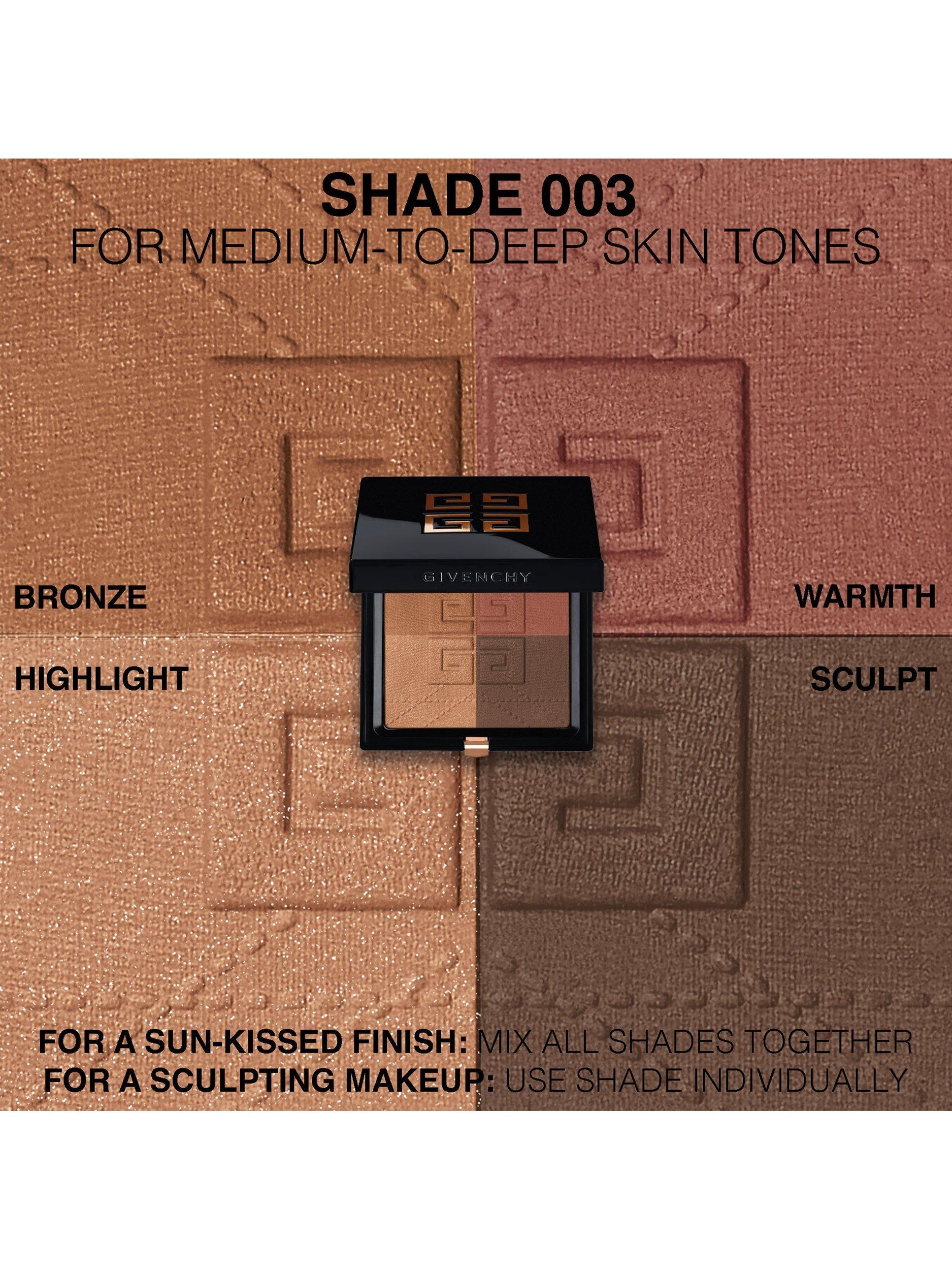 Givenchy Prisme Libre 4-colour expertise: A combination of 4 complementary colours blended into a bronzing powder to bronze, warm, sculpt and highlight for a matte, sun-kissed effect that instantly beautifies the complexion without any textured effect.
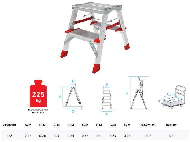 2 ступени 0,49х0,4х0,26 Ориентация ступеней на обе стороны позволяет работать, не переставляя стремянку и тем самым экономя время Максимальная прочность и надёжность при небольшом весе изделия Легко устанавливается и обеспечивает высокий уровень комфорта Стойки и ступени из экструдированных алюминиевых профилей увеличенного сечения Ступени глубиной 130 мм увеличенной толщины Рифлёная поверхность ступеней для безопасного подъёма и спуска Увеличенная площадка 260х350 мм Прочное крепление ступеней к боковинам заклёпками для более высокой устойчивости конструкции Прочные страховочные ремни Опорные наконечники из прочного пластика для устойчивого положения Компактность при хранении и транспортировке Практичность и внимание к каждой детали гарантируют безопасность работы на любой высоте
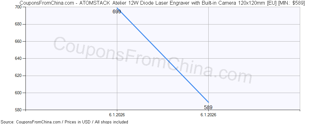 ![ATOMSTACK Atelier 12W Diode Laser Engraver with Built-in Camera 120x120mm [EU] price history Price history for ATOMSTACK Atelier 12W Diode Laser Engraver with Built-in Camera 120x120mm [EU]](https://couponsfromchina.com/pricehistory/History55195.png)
---
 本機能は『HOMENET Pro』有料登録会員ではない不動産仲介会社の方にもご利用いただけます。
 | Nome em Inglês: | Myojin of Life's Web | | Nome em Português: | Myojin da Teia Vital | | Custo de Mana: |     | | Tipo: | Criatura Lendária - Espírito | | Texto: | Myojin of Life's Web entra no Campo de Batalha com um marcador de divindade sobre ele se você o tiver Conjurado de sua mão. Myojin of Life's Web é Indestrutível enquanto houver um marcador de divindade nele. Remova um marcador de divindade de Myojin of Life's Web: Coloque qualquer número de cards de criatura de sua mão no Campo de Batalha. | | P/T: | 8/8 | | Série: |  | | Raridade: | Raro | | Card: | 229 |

» Exercise instructions:
Reproduce, exactly as they stand in the data above, the lines from the one that holds "本機能は『HOMENET P" to the one that holds "Card: | 229 |", inclusive.

» Written solution:
 本機能は『HOMENET Pro』有料登録会員ではない不動産仲介会社の方にもご利用いただけます。
 | Nome em Inglês: | Myojin of Life's Web | | Nome em Português: | Myojin da Teia Vital | | Custo de Mana: |     | | Tipo: | Criatura Lendária - Espírito | | Texto: | Myojin of Life's Web entra no Campo de Batalha com um marcador de divindade sobre ele se você o tiver Conjurado de sua mão. Myojin of Life's Web é Indestrutível enquanto houver um marcador de divindade nele. Remova um marcador de divindade de Myojin of Life's Web: Coloque qualquer número de cards de criatura de sua mão no Campo de Batalha. | | P/T: | 8/8 | | Série: |  | | Raridade: | Raro | | Card: | 229 |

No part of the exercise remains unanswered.